AIM OF THE EXERCISE: Type out the data exactly as given. Skip any image.

%%

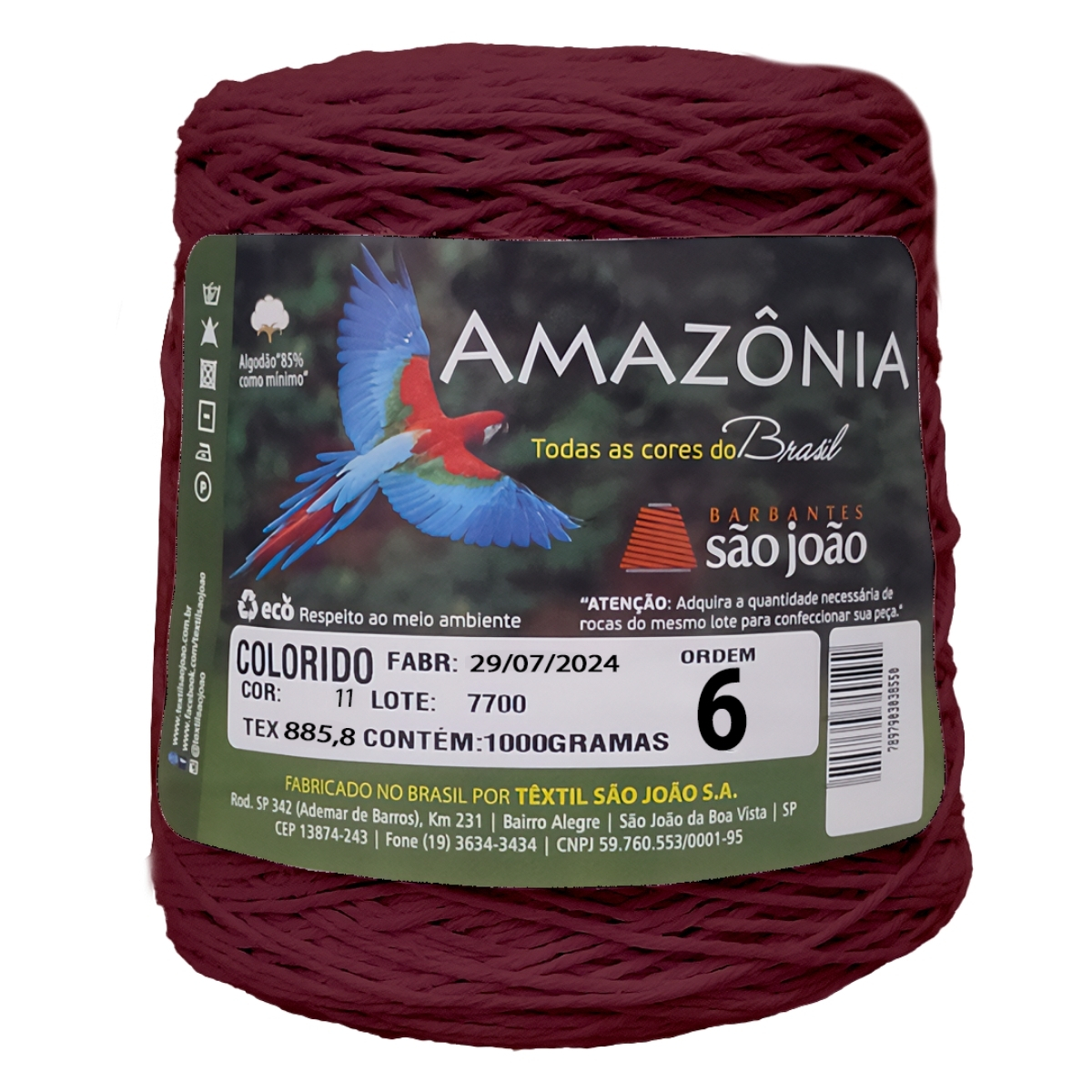 Barbante Amazônia Fio 6 com 400g, ideal para crochê, tricô e artesanato criativo. Desenvolvido com 85% de algodão reciclado, proporciona acabamento uniforme e toque suave. Cores firmes, ótimo rendimento e qualidade São João.
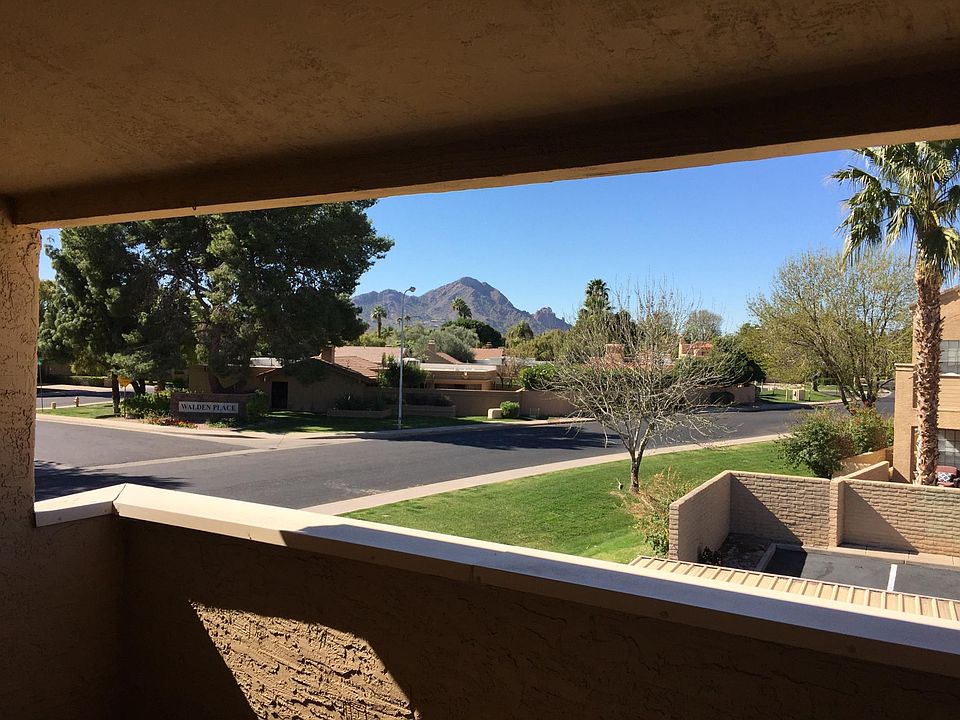 Scottsdale Condo on the Greenbelt (Walden Court). Light and bright with vaulted ceilings, hardwood floors, in unit W/D, fireplace and views of Camelback Mountain. Walk in closet in master, enclosed storage area on balcony. Covered parking. Unit is a 2nd floor unit. Pet friendly. Non-Smoking Unit. Lease is with owner. Water is included in rent. Power Company is SRP
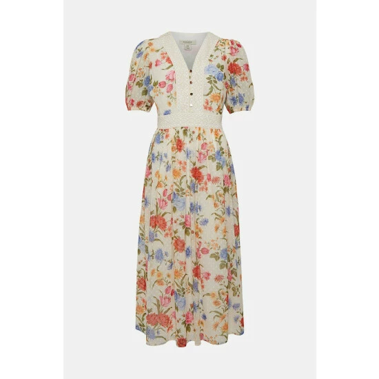 Style: Midi DressDesign: FloralFabric: WovenLength: MidiNeckline: V NeckSleeve Length: Short SleeveDiscover our full range of women’s bridesmaid dresses Check out our wedding guest dresses range.
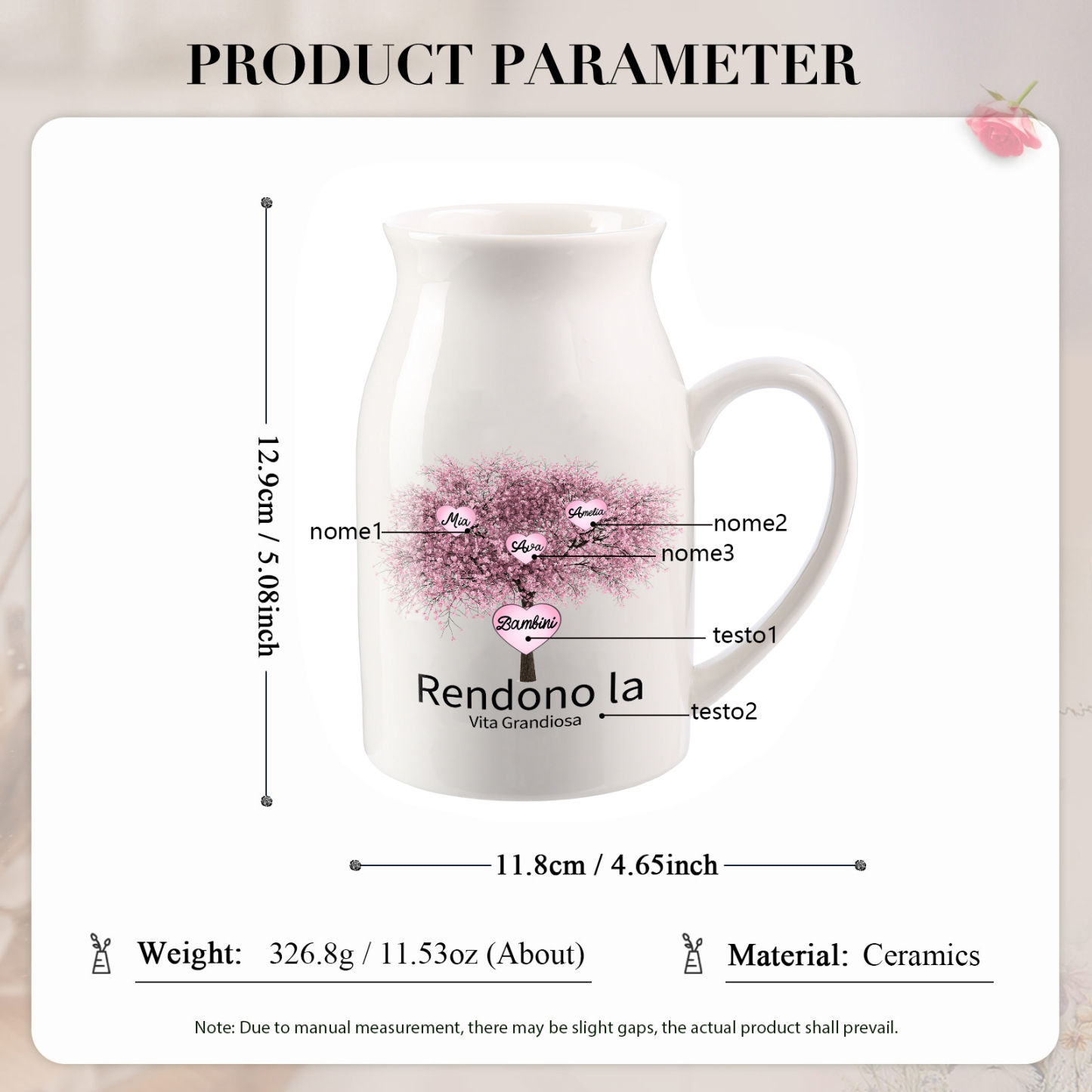 Vaso di ceramica albero di fiore rosa personalizzato con 3 nomi e 2 testi per mamma/nonna
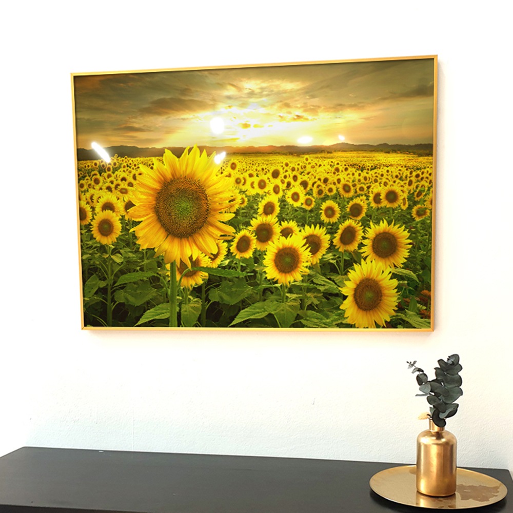 해바라기꽃밭R 풍경화 그림 풍수 인테리어 액자 맑은 하늘에 노란 해바라기꽃밭이 예쁜 풍경화 인테리어 액자입니다.보기만 해도 아늑하고 따뜻한 기분이 느껴지는 것 같아요.금전운과 행운, 복을 가져다주는 그림으로 알려진 노란 해바라기 액자는 풍수 인테리어 소품으로 가장 활용하기 좋습니다.해바라기 그림 액자처럼 풍수에 좋은 그림, 돈이 들어가는 그림은 실내 공간에서도 잘 보이는 위치인 거실 인테리어나 현관 앞에 걸어두면 효과가 더 좋다고 합니다.화려함이 가득한 노란 해바라기 꽃밭 풍경화로 깨끗하고 멋진 실내 인테리어를 연출해보세요.좋은 기운을 가져다주는 해바라기 풍경화 액자이므로 부모님 선물이나 개업, 집들이 선물처럼 특별하고 센스 있는 선물용 액자로 활용할 수 있는 풍수 인테리어 소품입니다.홈 인테리어 액자뿐만 아니라 사무실, 나들이, 매장 등 다양한 상업공간에도 걸치기 좋은 해바라기 그림 액자입니다.
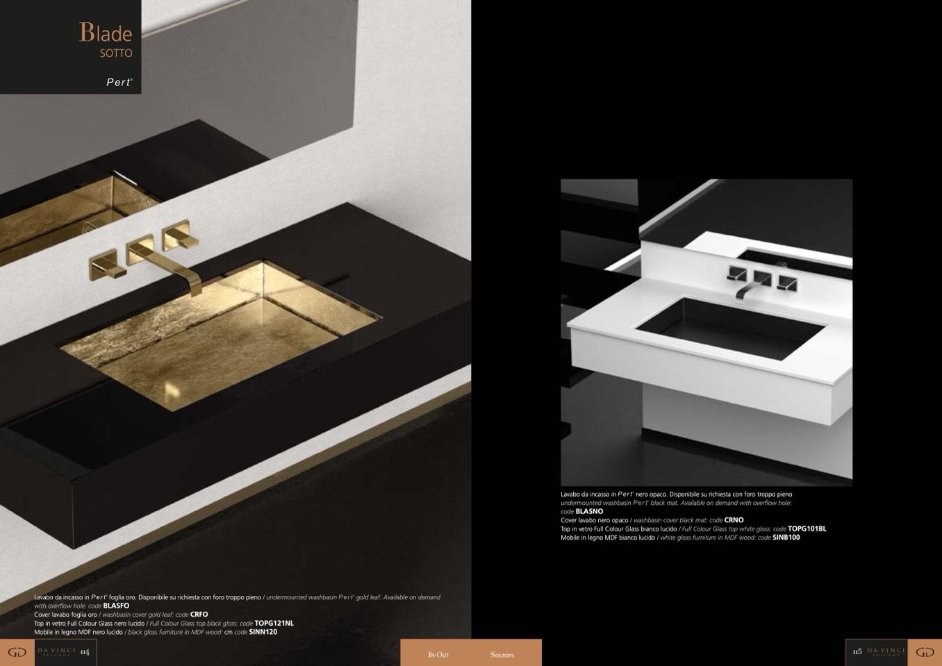 foglia oro. Disponibile su richiesta con foro troppo pieno / undermounted washbasin
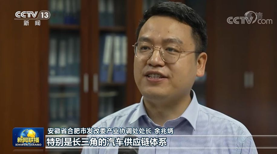 安徽省合肥市發(fā)改委產(chǎn)業(yè)協(xié)調(diào)處處長 余兆炳:特別是長三角的汽車供應(yīng)鏈體系,比如汽車內(nèi)外飾很多來自上海、浙江,汽車電子器件很多來自江蘇。正是因?yàn)楫a(chǎn)業(yè)一體化合作成效顯著,大大降低了我們的生產(chǎn)成本,也吸引了一批汽車行業(yè)龍頭落戶合肥。
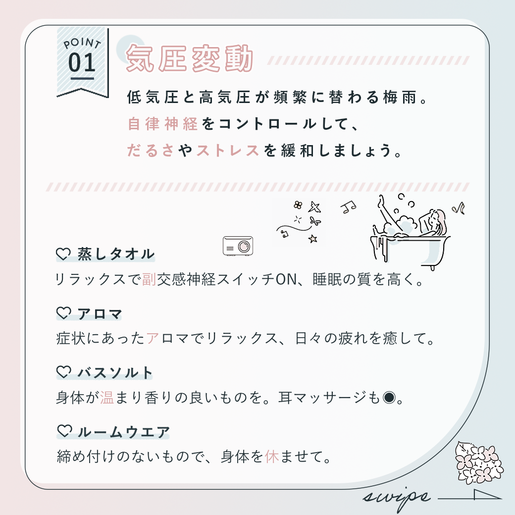 ・ターゲット像から、①オシャレにも気を遣っている②仕事の疲れを癒したい③仕事も頑張っている④梅雨ダルに悩んでいる…など細かく設定し、ターゲットに刺さるようなデザインや内容を意識させました。
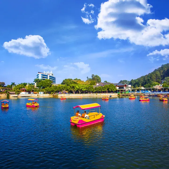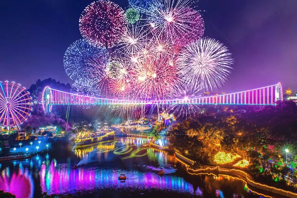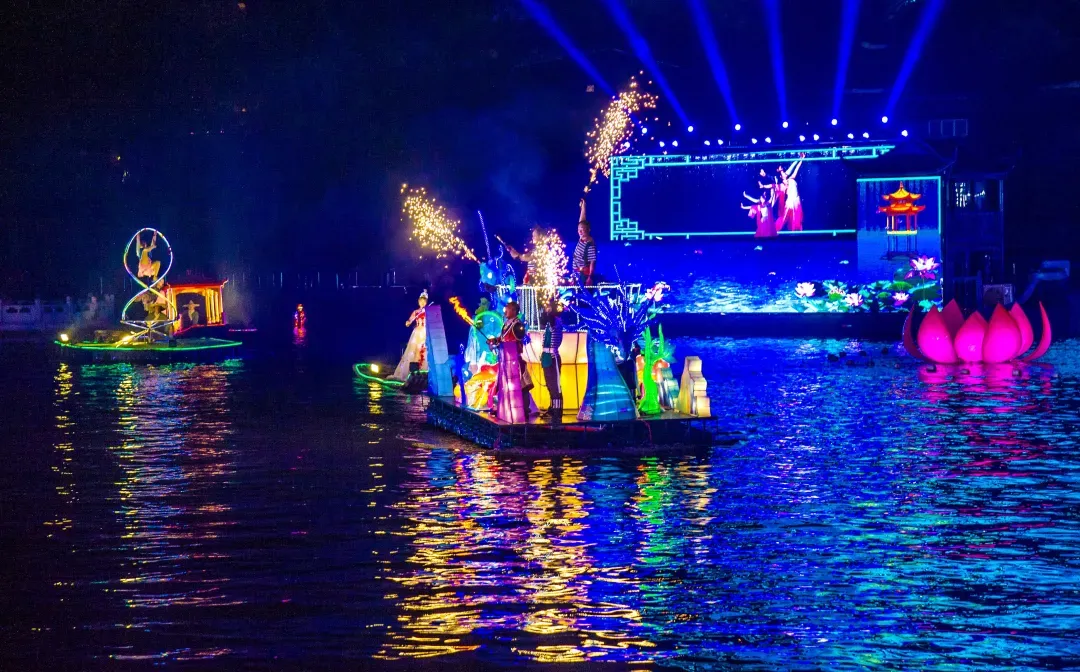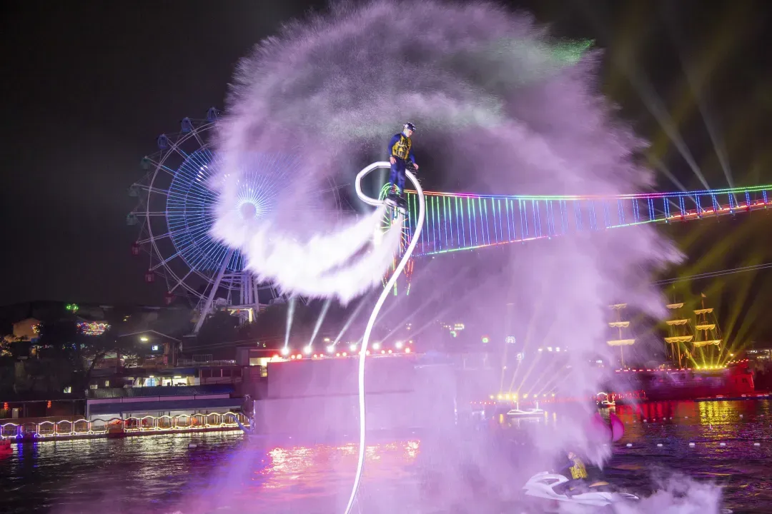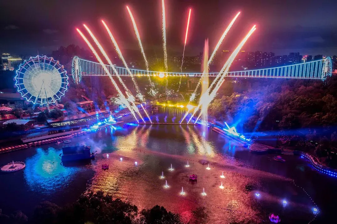 《梁祝》烟花秀:全新打造的大型实景《梁祝》烟花秀,以中国传统民间故事《梁祝》为主题IP,共分为烈焰、相遇、爱情、重生、化蝶五大篇章,分别通过水面演艺、灯光、水幕喷泉、投影、音乐等形式进行演绎,以其恢弘壮观的场景和表演,让游客在观看过程中,领悟到爱情的真谛,生活的美好,带领游客享受沉浸式的观看、互动体验。
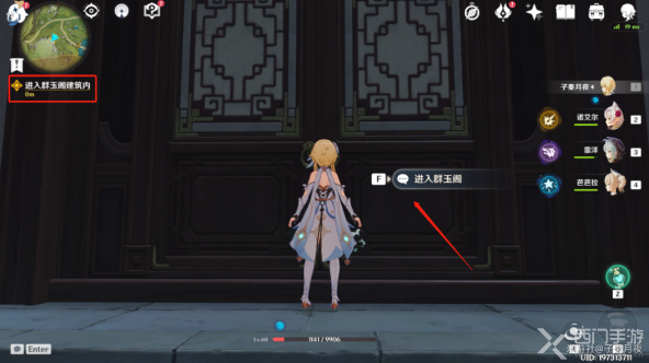 7、继续任务追踪指引,找到引路人步云,与步云对话后就可以到达【群玉阁】了;
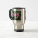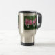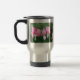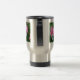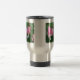 O coração de sangramento cor-de-rosa com gota floresce na caneca de viagem de aço inoxidável da flor.

%%

EXERCISE SOLUTION:
 Barbante Amazônia Fio 6 com 400g, ideal para crochê, tricô e artesanato criativo. Desenvolvido com 85% de algodão reciclado, proporciona acabamento uniforme e toque suave. Cores firmes, ótimo rendimento e qualidade São João.
 Scottsdale Condo on the Greenbelt (Walden Court). Light and bright with vaulted ceilings, hardwood floors, in unit W/D, fireplace and views of Camelback Mountain. Walk in closet in master, enclosed storage area on balcony. Covered parking. Unit is a 2nd floor unit. Pet friendly. Non-Smoking Unit. Lease is with owner. Water is included in rent. Power Company is SRP
 Style: Midi DressDesign: FloralFabric: WovenLength: MidiNeckline: V NeckSleeve Length: Short SleeveDiscover our full range of women’s bridesmaid dresses Check out our wedding guest dresses range.
 Vaso di ceramica albero di fiore rosa personalizzato con 3 nomi e 2 testi per mamma/nonna
 해바라기꽃밭R 풍경화 그림 풍수 인테리어 액자 맑은 하늘에 노란 해바라기꽃밭이 예쁜 풍경화 인테리어 액자입니다.보기만 해도 아늑하고 따뜻한 기분이 느껴지는 것 같아요.금전운과 행운, 복을 가져다주는 그림으로 알려진 노란 해바라기 액자는 풍수 인테리어 소품으로 가장 활용하기 좋습니다.해바라기 그림 액자처럼 풍수에 좋은 그림, 돈이 들어가는 그림은 실내 공간에서도 잘 보이는 위치인 거실 인테리어나 현관 앞에 걸어두면 효과가 더 좋다고 합니다.화려함이 가득한 노란 해바라기 꽃밭 풍경화로 깨끗하고 멋진 실내 인테리어를 연출해보세요.좋은 기운을 가져다주는 해바라기 풍경화 액자이므로 부모님 선물이나 개업, 집들이 선물처럼 특별하고 센스 있는 선물용 액자로 활용할 수 있는 풍수 인테리어 소품입니다.홈 인테리어 액자뿐만 아니라 사무실, 나들이, 매장 등 다양한 상업공간에도 걸치기 좋은 해바라기 그림 액자입니다.
 foglia oro. Disponibile su richiesta con foro troppo pieno / undermounted washbasin
 安徽省合肥市發(fā)改委產(chǎn)業(yè)協(xié)調(diào)處處長 余兆炳:特別是長三角的汽車供應(yīng)鏈體系,比如汽車內(nèi)外飾很多來自上海、浙江,汽車電子器件很多來自江蘇。正是因?yàn)楫a(chǎn)業(yè)一體化合作成效顯著,大大降低了我們的生產(chǎn)成本,也吸引了一批汽車行業(yè)龍頭落戶合肥。
 ・ターゲット像から、①オシャレにも気を遣っている②仕事の疲れを癒したい③仕事も頑張っている④梅雨ダルに悩んでいる…など細かく設定し、ターゲットに刺さるようなデザインや内容を意識させました。
 《梁祝》烟花秀:全新打造的大型实景《梁祝》烟花秀,以中国传统民间故事《梁祝》为主题IP,共分为烈焰、相遇、爱情、重生、化蝶五大篇章,分别通过水面演艺、灯光、水幕喷泉、投影、音乐等形式进行演绎,以其恢弘壮观的场景和表演,让游客在观看过程中,领悟到爱情的真谛,生活的美好,带领游客享受沉浸式的观看、互动体验。
 7、继续任务追踪指引,找到引路人步云,与步云对话后就可以到达【群玉阁】了;
 O coração de sangramento cor-de-rosa com gota floresce na caneca de viagem de aço inoxidável da flor.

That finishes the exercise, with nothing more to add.